Make Homemade Mozzarella with Ricki Carroll!

http://www.wwlp.com/dpp/mass_appeal...la!?ref=scroller&categoryId=10032&status=true


----------



## chewie (Jun 9, 2008)

cmharris6002 said:


> Were you using older milk? Are your goats getting plenty of alfalfa? It sounds like a weak calcium bond. If you drain the whey at pH 6 it should help, if not you might need to add calcium chloride.


the milk could've been older. i have _gallons and gallons_ in the fridge, in both fridges?!!! egads! 

altho i like my gals being so productive, i am more than certain of my choice to retire old ethel this spring! i am considering once a day milking for the next 3 months too, just tooooo much milk i can't keep track of it all. raising pigs again next year for sure too! i have many gallons frozen as well.


----------



## chewie (Jun 9, 2008)

hmm, how bout this....another try at the mozz yesterday yielded some curds that seemed like they wanted to stretch but just couldn't quite do it. it tasted good (as usual) so I just stopped bothering trying to spin and plopped it into a couple small bowls for molds. 

low and behold, I just hacked off a piece cuz I'm really hungry, and since I hate cold cheese, put into micro for just a short bit, maybe 10 seconds. its PERFECT. i mean, stretchy, yummy, creamy, delish PERFECT mozz. argh! it was a batch that was leaking cream terrible, and got kinda rough looking. 

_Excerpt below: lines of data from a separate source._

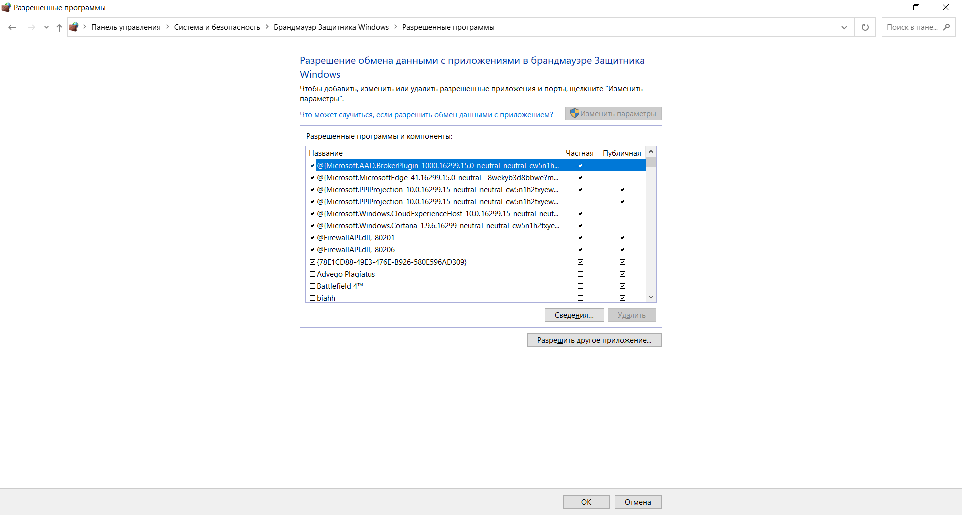Именно в этом окне настраивается перечень программ, которым разрешено выходить в интернет. Выполняется изменение параметров в пункте меню «Разрешение взаимодействия с приложением или компонентом в брандмауэре Защитника Windows». Владельцу компьютера рекомендуется периодически просматривать список и удалять незнакомые пункты.
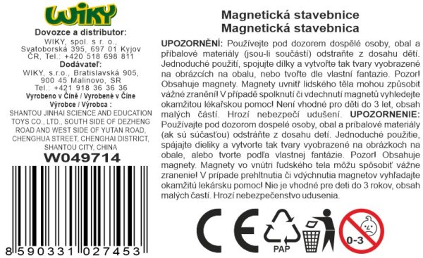 1. Riziko spolknutí: Upozorňuji, že magnetické kostky obsahují malé části, které mohou děti spolknout, což představuje riziko udušení nebo vážného vnitřního zranění. Dohlížejte na zábavu dětí a ujistěte se, že jsou kostky uloženy mimo dosah malých dětí. 2. Nebezpečí pomačkání: Magnety v kostkách jsou silné a mohou se přitahovat velkou silou, což způsobuje riziko přiskřípnutí prstů nebo jiných částí těla. Při hraní buďte opatrní a ujistěte se, že si děti jsou tohoto nebezpečí vědomy. 3. Vnitřní poranění: Při požití více než jednoho magnetu může způsobit vážné vnitřní poškození. Magnety se mohou přitahovat uvnitř těla, což způsobuje perforaci střev, infekce nebo smrt. Okamžitá lékařská pomoc je nezbytná v případě spolknutí magnetů. 4. Poškození hračky: Pravidelně kontrolujte magnetické kostky z hlediska poškození, jako jsou praskliny, zlomeniny nebo odhalené magnety. Poškozené bloky je nutné okamžitě odstranit, aby se zabránilo možným zraněním. 5. Upozornění pro děti: Ujistěte se, že magnetické kostky jsou vhodné pro věk dítěte. Některé sady mohou obsahovat malé prvky nebo silné magnety, které nejsou vhodné pro malé děti. Vždy dodržujte věkové doporučení uvedené výrobcem. 6. Bezpečné použití: Vysvětlete dětem, jak si bezpečně hrát s magnetickými kostkami a zdůrazněte riziko spolknutí a přiskřípnutí prstů. Dohlížejte na zábavu dětí, zejména těch mladších 6 let. 7. Skladování: Magnetické kostky uchovávejte na bezpečném místě mimo dosah malých dětí, když se nepoužívají. To zabraňuje náhodnému spolknutí magnetů. 8. Likvidace: Opotřebované nebo poškozené magnetické bloky je třeba likvidovat zodpovědně v souladu s místními předpisy. Nevyhazujte je do běžných odpadků, abyste zabránili náhodnému přístupu dětí k magnetům. 9. Interakce s lékařskými zařízeními: Lidé s implantovanými zdravotnickými zařízeními, jako jsou kardiostimulátory, by měli být při používání magnetických bloků opatrní. Magnety mohou narušovat fungování těchto zařízení. Pokud máte jakékoli obavy, poraďte se s lékařem. 10. Věkové omezení a kompetence: Magnetické kostky by měly používat děti, které jsou dostatečně vyvinuté, aby pochopily potenciální rizika a dodržovaly bezpečnostní pravidla.
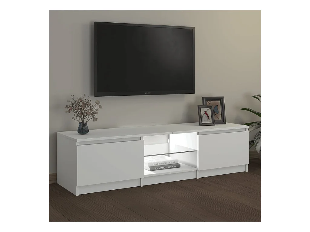 Vasil Meuble TV avec lumières LED blanc 140x40x36 cm

i put it into the fridge later afternoon yesterday and just now, over 24 hours later, tried it. what does this all mean? I'm sorry to be such a pain, I am a huge 'why' person, I have to know why in order to do better. but its a huge relief knowing that altho it looked kinda lumpy and not so good yesterday, I now have this super stuff!~


----------



## cmharris6002 (Jan 27, 2006)

Hmmm, leaking cream and rough looking... Did you drain the whey at pH 6? What was the pH the first time you tried to stretch and what was it after? What was the temp of the curd when you were trying to stretch? 

I don't know about you but I'm going to add this to my bag of tricks. If the cheese isn't coming together plop it in a bowl and try again later


----------



## chewie (Jun 9, 2008)

oh dear, them's lots of questions! hehe! I do not know the ph of the whey at draining. I started to try the stretch a bit early cuz it seemed to be trying to stretch itself and I thought maybe since the batch the day before didn't come out real spiffy, I'd give it a go. I don't know the exact temp of the whey I heated to stretch either. hmm, looks like I will try using a notebook a few times to see what I'm doing (or not!)

and as for the result after the bowl in fridge, yeah, that was a big surprise! the taste was so good I wan't too bugged, and would've happily used it later for pizza or whatever anyhow. I dont' bother grating anymore, I just slice thinly and put all over my casseroles and pizza etc., works the same with less effort. I figured it wasn't going to get any worse but this was a great surprise anyhow!


----------



## cmharris6002 (Jan 27, 2006)

There are just so many variables in cheese making that without specifics you might not be able to figure out inconsistencies in your results. Here is a simple cheese making record sheet if you want to use one.


----------



## chewie (Jun 9, 2008)

hey, that's a really great sheet, thanks!

its happend a few more times, its not ready for at least a day, once was even 2 days in the fridge and then it was good. still getting a 'rough' result, but fully usable and very tasty!


----------